Label-Free Quantitation Using Spectra Counts
When given two unlabeled samples that are input to a mass spectrometer, it is often desirable to assess whether a given protein exists in higher abundance in one sample compared to the other. One strategy for doing so is to count the spectra
identified for each sample by the search engine. This technique requires a statistical comparison of multiple, repeated MS2 runs of each sample. LabKey Server makes handling the data from multiple runs straightforward.
Example Data Set
To illustrate the technique, we will use mzXML files that were described in this paper
as the "Variability Mix":Jacob D. Jaffe, D. R. Mani, Kyriacos C. Leptos, George M. Church, Michael A. Gillette, and Steven A. Carr, "PEPPeR, a Platform for Experimental Proteomic Pattern Recognition", Molecular and Cellular Proteomics; 5: 1927 - 1941, October 2006
The datasets are derived from two sample protein mixes, alpha and beta, with varied concentrations of a specific list of 12 proteins. The samples were run on a Thermo Fisher Scientific LTQ FT Ultra Hybrid mass spectrometer. The resulting datafiles were converted to the mzXML format that was downloaded from Tranche.
The files named VARMIX_A through VARMIX_E were replicates of the Alpha mix. The files named VARMIX_K through VARMIX_O were the Beta mix.
You can see the examples in our online demo project
Running the MS2 Search
The mzXML files provided with the PEPPeR paper included both MS1 and MS2 scan data. The first task is to get an MS2 search protocol that correctly identifies the 12 proteins spiked into the samples. The published data do not include the FASTA file to use as the basis of the search, so this has to be created from the descriptions in the paper.

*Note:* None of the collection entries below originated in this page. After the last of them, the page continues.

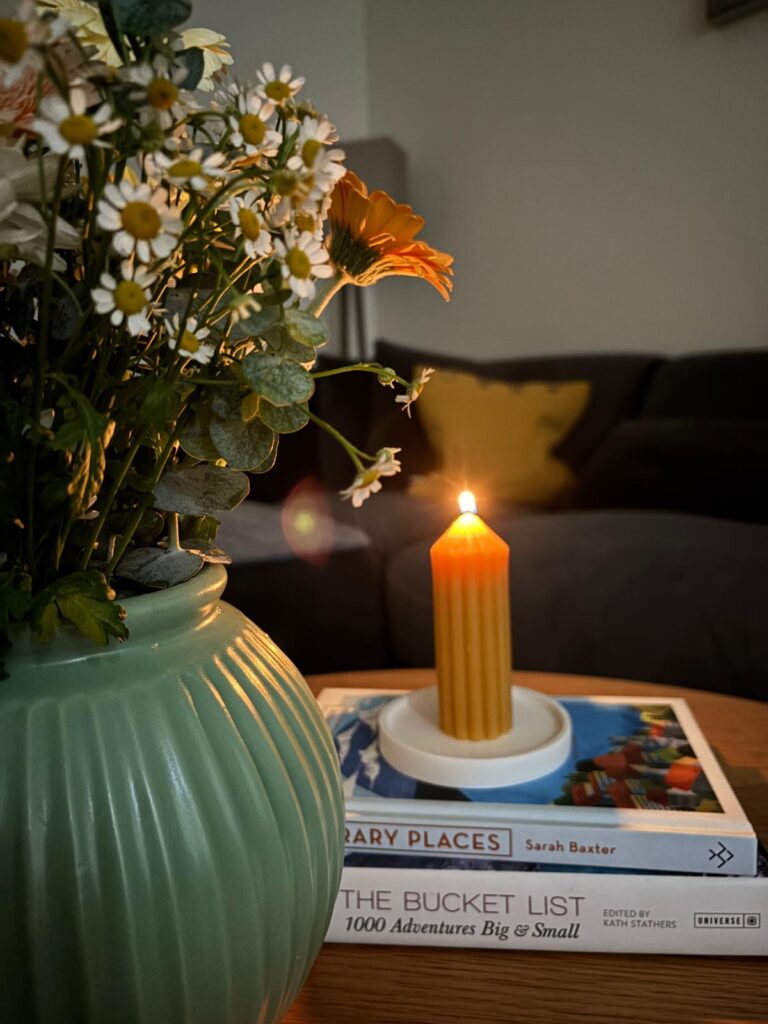 Lumânările din ceară de albine ard curat, fără fum sau chimicale – perfecte pentru seri relaxante.
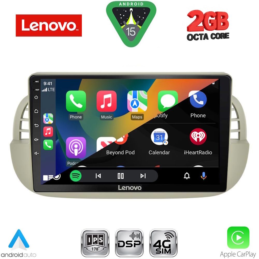 LENOVO LVF 5130BG_CPA (9inc) MULTIMEDIA TABLET for FIAT 500 mod. 2007-2015 (BEIGE)
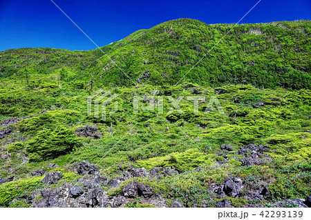長野県 北八ヶ岳の北横岳から南側の坪庭と縞枯山を見る
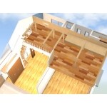 現場調査時に屋根裏にかなりスペースがあることを確認していたので、梁型が出てくる箇所も含め、まず図面を元にロフトのパースイメージを作成し、柱がみえてくる位置など詳細にご説明。
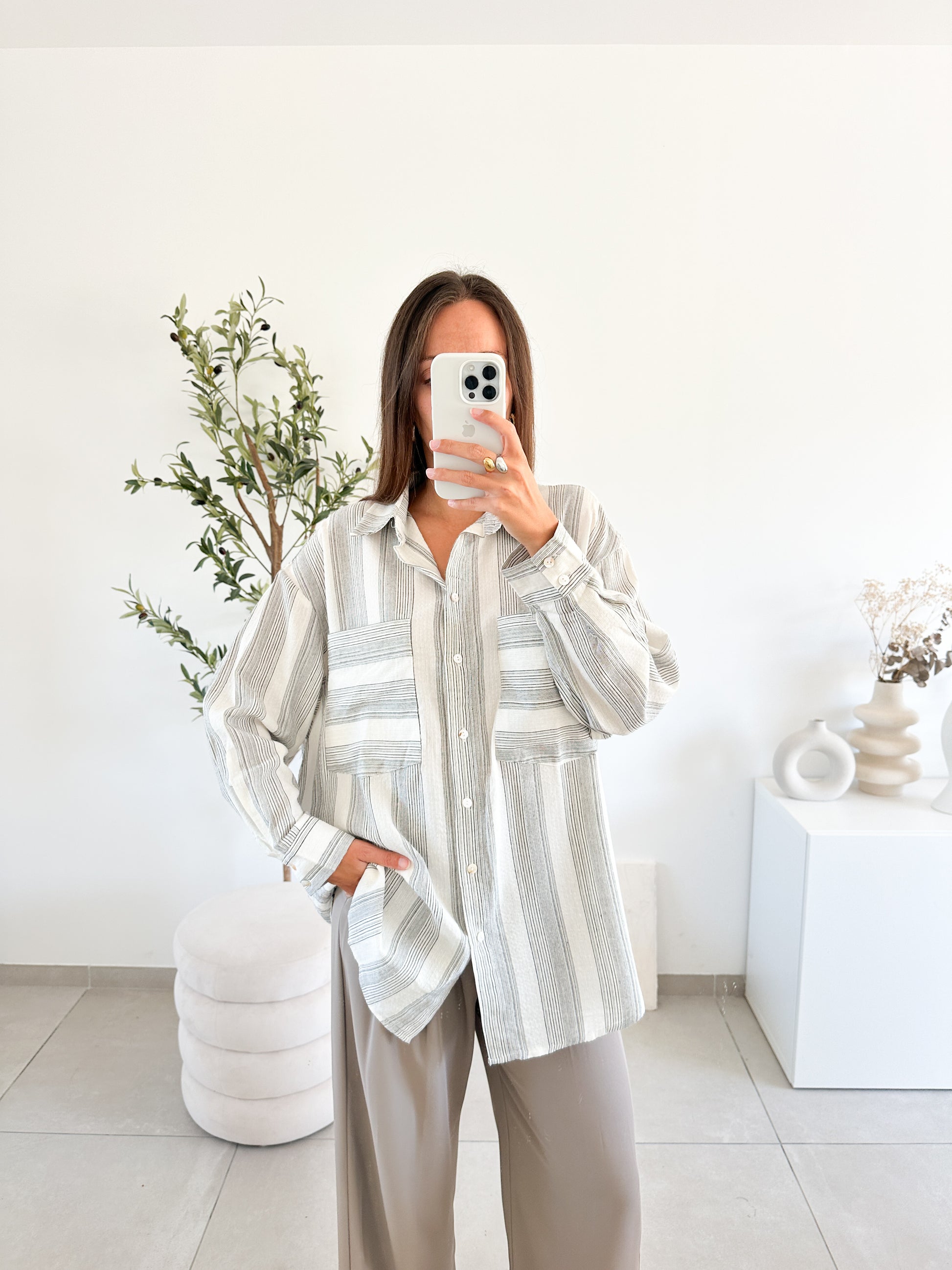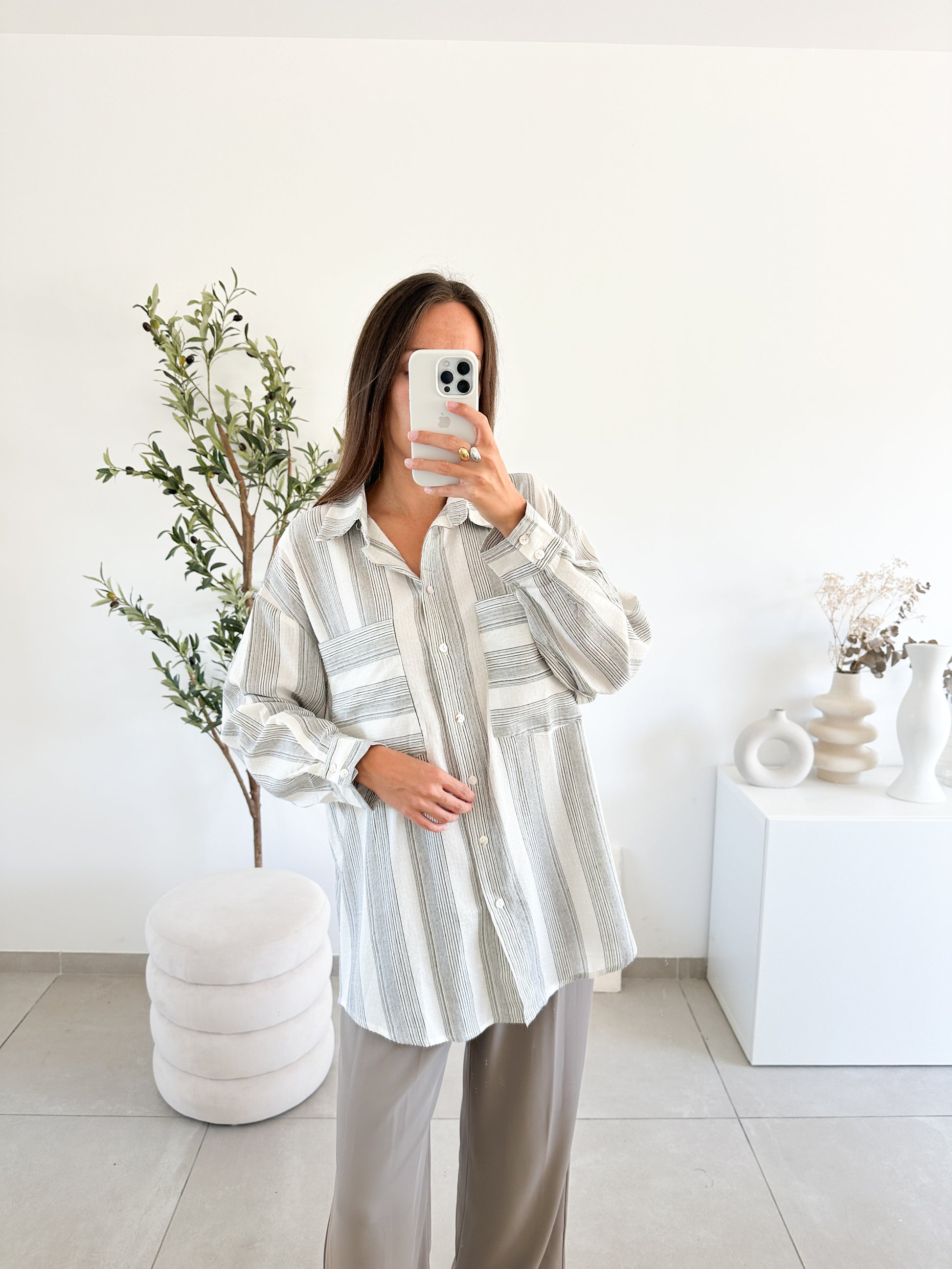 Guide des tailles : Julie mesure 1m72 et porte la taille S/M. La taille S/M correspond aux tailles 34 à 40. La taille M/L correspond aux tailles 40 à 44/46
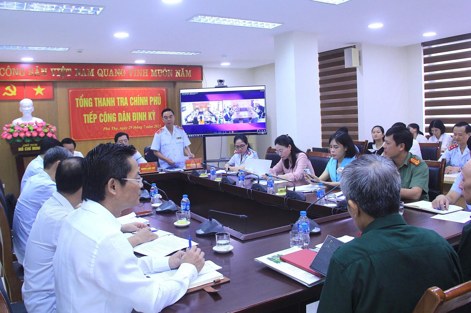 (Thanh tra) - Ngày 29/7, tại Trụ sở tiếp công dân (TCD) tỉnh Phú Thọ, Phó Tổng Thanh tra Chính phủ Dương Quốc Huy chủ trì buổi TCD định kỳ tháng 7/2025 của Tổng Thanh tra Chính phủ để xem xét một số vụ việc khiếu nại, kiến nghị của công dân trên địa bàn tỉnh Phú Thọ. Buổi TCD được kết nối trực tuyến với Trụ sở TCD Trung ương.
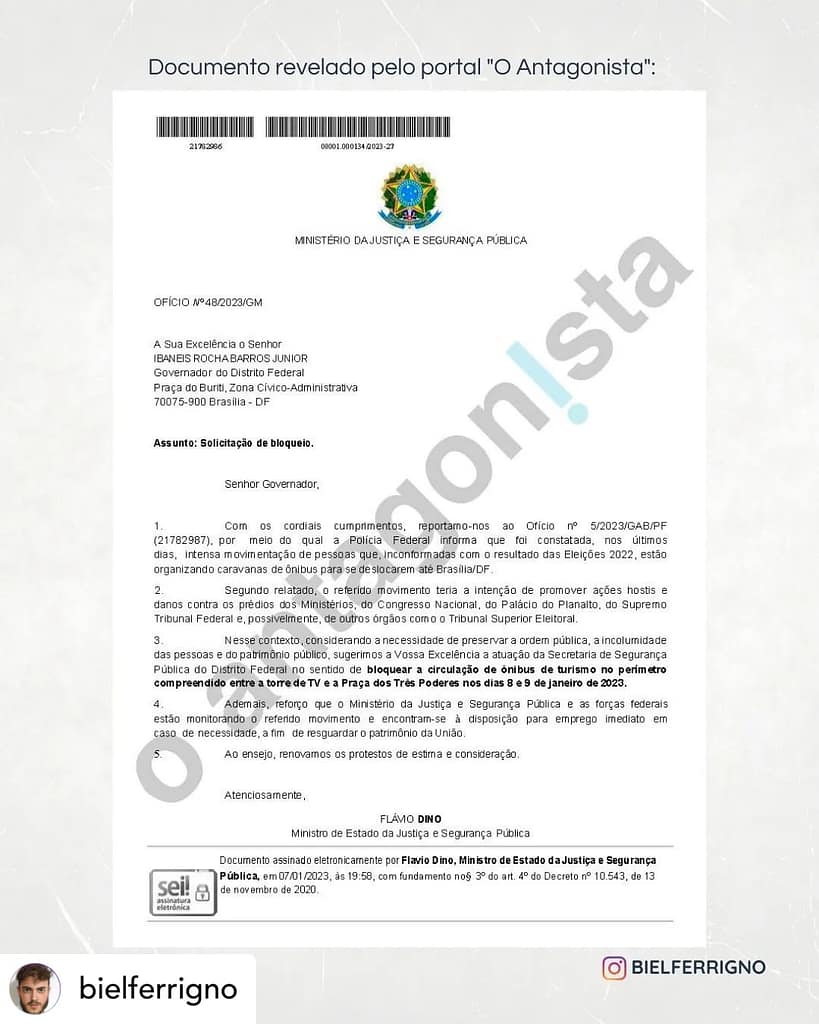Poucas horas depois, o portal ‘O Antagonista’ revelou o documento oficial confirmando que o ministro Flávio Dino sabia da possibilidade de depredação dos prédios dos Três Poderes em Brasília.

The paper did provide the search parameters used by the authors, but these were given for the SpectrumMill search engine, which is not freely available nor accessible from LabKey Server. So the SpectrumMill parameters are translated into their approximate equivalents on the X!Tandem search engine that is included with LabKey Server.
Creating the right FASTA file
The PEPPeR paper gives the following information about the protein database against which they conducted their search:Data from the Scale Mixes and Variability Mixes were searched against a small protein database consisting of only those proteins that composed the mixtures and common contaminants… Data from the mitochondrial preparations were searched against the International Protein Index (IPI) mouse database version 3.01 and the small database mentioned above.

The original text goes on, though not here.